An hour later we are let through. After the checkpoint the road is perfect and we move at normal speed for another 20km feeling relieved. What chaos? We thought and agreed that the guy was full of shit.
Well No he wasn´t. We get stuck at another roadblock for two hours and after that another one just for good measure which is where we pass the worst bit. The road is not blocked by a mudslide here, half of it is plain and simple missing, washed away by massive amounts of water. Once past there we start moving again. First slowly and then back to normal. The amount of traffic, especially trucks, lined up is insane. The line is several kilometres long. Luckily the trucks have comfortable cabins with a bed in it because the ones at the rear are going to need it.
Parts of the road have simply been washed away
While in other areas parts of the mountain have been washed onto the road
We have done the last 40km in about 8 hours and it is getting dark with 40km to go to Villa Tunari. Just to finish off the day in good spirits it starts to rain. A proper tropical storm. Rain is coming down in ropes accompanied by loud and close strikes of lightning.
I do not miss my bike right now.
We arrive in complete darkness and pouring rain to Villa Tunari and manage to find a cheap hotel. The first one we found shamelessly tried to take advantage of the bad weather and figured they could ask desperate strangers for 100USD for a simple room. Forget it. We would rather sleep in the car.

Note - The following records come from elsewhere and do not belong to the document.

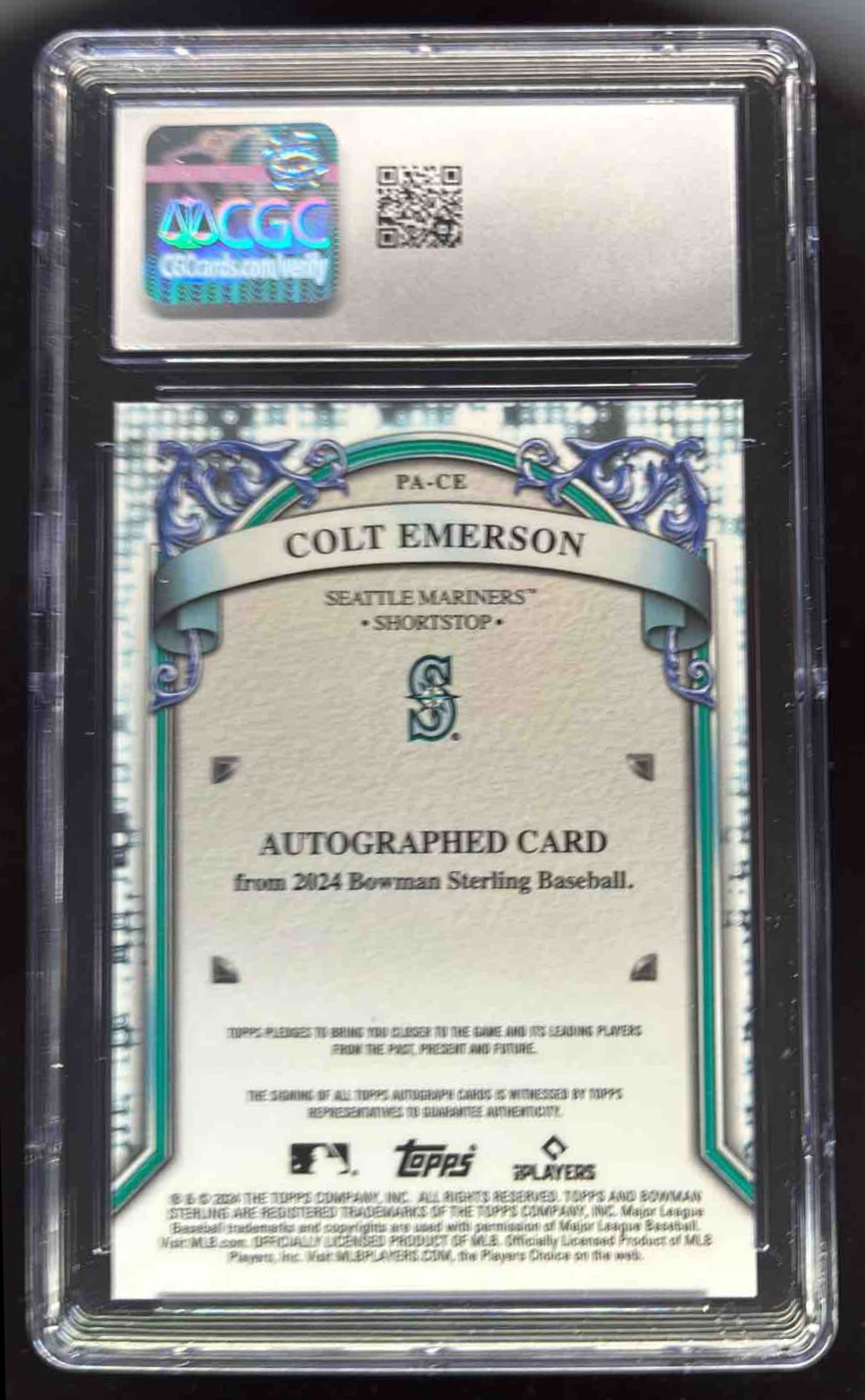 2024 Bowman Sterling Prospect Gold Refractor #PA-CE Colt Emerson Auto /50 CGC 10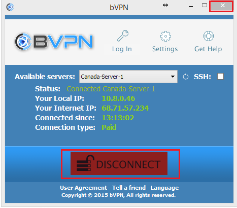 Daha sonra "Bağlantıyı Kes" [Disconnect] butonuna ve ardından "X" üzerine tıklayın.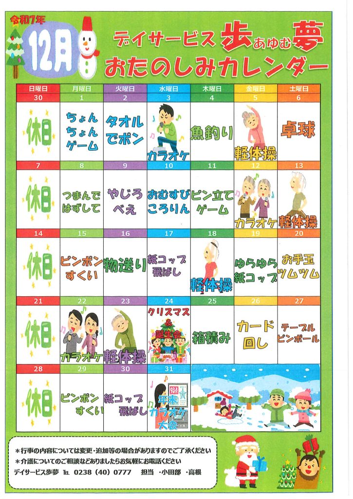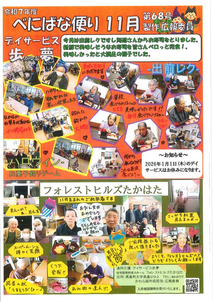 令和7年11月デイサービス歩夢べにばな便り

The next morning the rain has stopped and the last 320km to Santa Cruz de la Sierra are uneventful. Apart from Lorraine almost adopting a street dog (again) it was incredibly cute, I will give her that 🙂
The Villa Tunari street dogs having breakfast together
Some of the rather surreal sights in Bolivia
This is our last stop before we part ways and I fly home, so we have booked a room at a nice hotel with a pool. Turns out it is inside a gated community. This is apparently the nice part of town and on this road alone there are five gated communities. This is clearly where the money is. This type of settlement is getting more and more common and causing lots of debates about societies being divided into the “haves” and the “have not’s”. I understand the concern, but if you have had your house broken into five times in a year, what are you to do?
Being a biker the sure sign that we are inside the gates, is the bikes that I notice parked in front of some of the houses. The most popular bikes in Bolivia are 125 and 250cc Chinese bikes that are just everywhere. I go for a walk in the community and spot a K1200R, a R6 and a Fazer 1000. They most likely don´t park those on the street down town.
We don´t see much of Santa Cruz as we are busy packing all our stuff for the flights and also just want to relax together. In two days it is time to say goodbye for two months. We do find time to go to the local malls cinema multiplex centre and watch the new Starwars movie. Like hotels and airports these places are alike everywhere. If I had been beamed here I could not tell you if I was in Bolivia or Boston or Rome. Just one more reason why we prefer overland travel, because that is where the diversity is.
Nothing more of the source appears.